Deep Learning in Computer Vision

Coursera courses, if done honestly and thoroghly equips one with all the necessary concepts and practical tips for doing a project in that field. After doing 10 courses related to deep learning, I can vouch for this fact.

Let me take you through one course Deep Learning in Computer Vision!. Since I intend to take not more than 15 minutes of your time, I’ll take the liberty of giving you an aerial view of the course and zooming in only on few places.

Pre deep learning era

They pick up the topic from eye anatomy and enter the vision field by discussing elemental things like brightness, contrast, causes of poor contrast, frequency etc. I had taken both computer graphics course and computer vision course in my college and yet these few minutes videos taught me so many new things. I certainly don’t claim that these weren’t taught in my college. May be I wasn’t receptive enough for full 40 minutes ;). Anyways, let me spend some time on Image Contrast. > Poor contrast happens when there is not sufficient variation in brightness among nearby pixels. One simple instance is when not full range of brightness is used in the image. After knowing this, scaling up the brightness by a linear transformation then becomes a natural fix for the problem. $$x' = 255* (x - x_{min})/(x_{max} - x_{min})$$

Linear transformation formula written above will make sure that $x'$ varies in $[0,255]$. But then what if image has regions of very high and very low brightness and still has poor contrast? Well, then the linear transformation will not work since $x_{max} - x_{min} \approx255$. Then they introduce Gamma transformation where one improves the contrast in dark regions at the cost of reduction of contrast in bright regions. $$x' = c*x^\gamma, \gamma < 1$$

Contrast increases in dark regions as we decrease gamma. By taking $\gamma=0.5, c=10$ , let me convince you of this. Points with brightness value of 225 and 196 will now have 150 and 140 brightness respectively. Brightness difference between these points decreased. However, points with brightness of 1 and 4 will now have brightness of 10 and 20 respectively. Brightness difference has increased !
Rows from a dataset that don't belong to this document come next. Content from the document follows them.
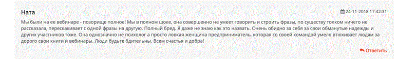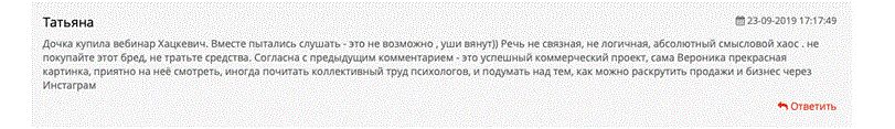 «Вебинар и консультация. И уже после оплаты попала на ее вебинар в прямом эфире в инстаграме — уже тогда разочаровалась в ней) но решила, что все равно посмотрю вебинар и проконсультируюсь — работа тет-а-тет и на тысячу человек, как мне кажется, могут отличаться)) но нет — Вероника реально плохо говорит, плавает в некоторых вопросах, на неудобные вопросы не отвечает в принципе и много повторяет одно и тоже, в чем уверена видимо или что выучила от зубов) на личной консультации говорила тоже общими фразами, то есть никакого индивидуального подхода я не обнаружила. Но она все равно молодец, я с вами согласна. Раскрутилась мощно) а без лоха и жизнь плоха))».
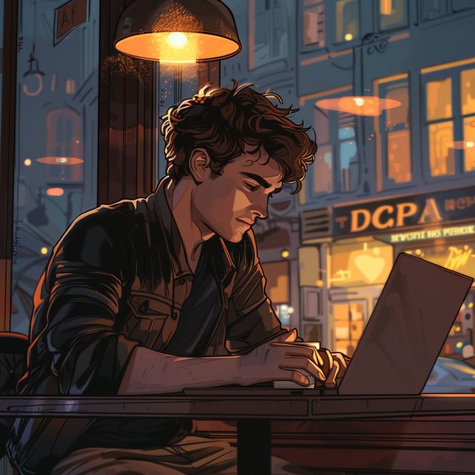 뉴욕의 한 북적이는 카페에서, 데이브는 피곤한 눈으로 노트북 화면을 바라보고 있었다. 밖은 어둑어둑해지기 시작했고, 가게 안의 조명은 탁자 위에 놓인 커피잔들을 금빛으로 비추고 있었다. 데이브의 연한 갈색 숏컷은 빛나는 조명 아래에서는 더욱 진하게 보였다. 그는 연한 청바지와 검은색 셔츠를 입고 있었으며, 그의 운동화는 약간 먼지가 쌓인 듯 보였다.
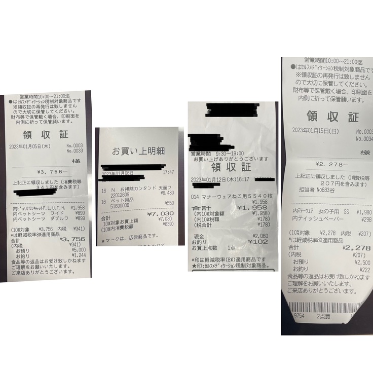 〈ホームセンター等で購入したオムツ、ペットシート、ゲージ等の領収書 まとめ〉

Then they go on to introduce kernels, kernels for gradient estimation, Canny edge detection etc.

CNN based applications

In the second week, they switch gears and go on to cover Image categorization, Fine grained recognition, Content based Retrieval and Face keypoint regression all in one week ! ### Parameter efficient Filter decomposition They certainly start with basic concepts like convolution, filters. They go on to explain the parameter efficient decomposition of filters: > A $5*5$ filter can be approximated by two $3*3$ filters. Assuming N to be the number of input and output channels, $25*N^2$ is the parameter count for $5*5$ filter. $2*9*N^2$ is the parameter count for two $3*3$ filters, thereby achieving 28% reduction in parameter count.

One can further decompose $3*3$ into $3*1$ and $1*3$. They go on to explain the dimensionality reduction property of $1*1$ convolution. Then they go on to explain building blocks of Inception network, Residual network, Stochastic depth policy and so on.

Fine grained image recognition

In Fine grained image recognition, they take time to explain the peculiarity of the problem. One instance of the problem would to to classify between different variety of birds. One should not that for the same bird type we will have significantly different images depending on bird pose and surrounding environment. Further, there will be images belonging to different bird types but will have relatively similar images owing to sameness in environment and/or pose. > Fine grained image recognition problem has high intra class variance (due to difference in orientation and surrounding) but low inter-class variance (due to similarity among different classes).

Face: Attributes, Recognition, Keypoints

For detection of facial attributes (gender, age, etc) they explained the global and the local approach. Global way is to extract features from the entire face. In this version, face landmarks are not needed. This method is however not robust to orientation changes. Local way is to detect object parts, extract features from each part and then predict the attributes by using all features.

Face recognition comes in two forms: Verification and Identification. Given two images, Face verification tries to find whether they belong to same person. One can use a pre-trained backbone to get embeddings for both images, compute the eucledean distance between the embeddings and using the optimal threshold, one can then classify whether both images belong to same person. They introduce Triplet loss for training. This loss takes 3 images, two of which belong to the same person. Let f be the embedding function. Let $I_a,I_p$ and $I_n$ are the input images where $I_a$ and $I_p$ belong to same person. This loss ensures that: $$ || f(I_a) - f(I_p)|| + < || f(I_a) - f(I_n)|| $$

In words, Triplet loss tries to make sure that distance between embeddings of two images of the same person is $ $ less than distance between images of different persons. This helps to find a stable threshold for the Face Verification problem.

Given an image, Face identification solves a much harder version of correctly matching it with one entry of the face database. Things get even more harder in the Open set version of the problem where we don’t know whether there is some entry which actually matches with the given face image. They go on to discuss Keypoints regression problem. Later they describe CNN Cascade: a hierarchy of neural networks as a way to stablize the prediction.